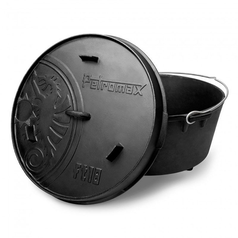Чугунные котелки существуют с 18 века. Уже тогда ценились уникальные свойства чугуна. Котелок Petromax обладает удивительными характеристиками — его особая структура поверхности эффективно сохраняет и распределяет тепло. Предварительно обработанная поверхность (приправленная отделка) делает первую приправу ненужной, и можно сразу использовать прочную жаровню. На природе его используют на открытом огне или с древесным углем и брикетами. Специально разработанная крышка, может использоваться как сковородка или тарелка. Поднятый ее край позволяет размещать угли или древесный уголь также на жаровне. Таким образом, Petromax Dutch Oven нагревается со всех сторон и подходит, например, для выпечки хлеба.
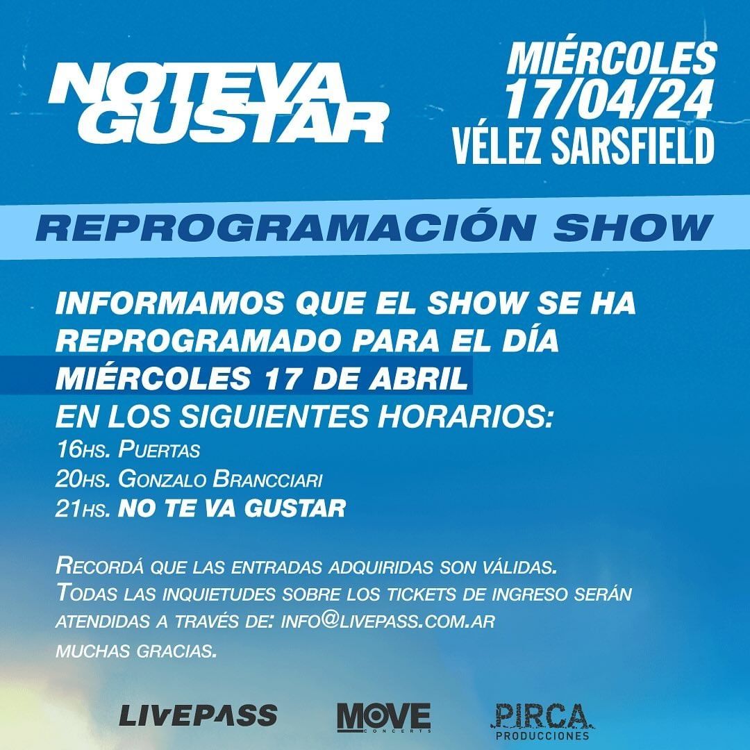 No Te Va Gustar se encuentra celebrando sus 30 años de carrera con una gira que sumará varias provincias de la Argentina. El puntapié inicial sería Buenos Aires en la cancha de Vélez. Pero la fecha inicial, pautada para el 6 de abril, tuvo que reprogramarse por un compromiso futbolístico del equipo de Liniers.
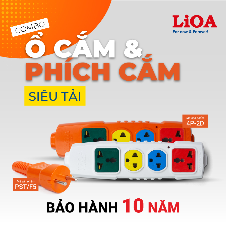 Ổ cắm Lioa nổi tiếng với độ bền cao, lò xo tiếp xúc chặt, sử dụng nhựa chống cháy, và thường tích hợp bảo vệ quá tải (Aptomat) để tự ngắt khi dùng quá công suất cho phép.

WORK REQUEST: Nothing but the lines from the line with "No Te Va Gustar" through the last line of the listing should be copied, exactly and with both ends kept. Leave pictures out.

SOLUTION FOR THIS PROBLEM:
 No Te Va Gustar se encuentra celebrando sus 30 años de carrera con una gira que sumará varias provincias de la Argentina. El puntapié inicial sería Buenos Aires en la cancha de Vélez. Pero la fecha inicial, pautada para el 6 de abril, tuvo que reprogramarse por un compromiso futbolístico del equipo de Liniers.
 Ổ cắm Lioa nổi tiếng với độ bền cao, lò xo tiếp xúc chặt, sử dụng nhựa chống cháy, và thường tích hợp bảo vệ quá tải (Aptomat) để tự ngắt khi dùng quá công suất cho phép.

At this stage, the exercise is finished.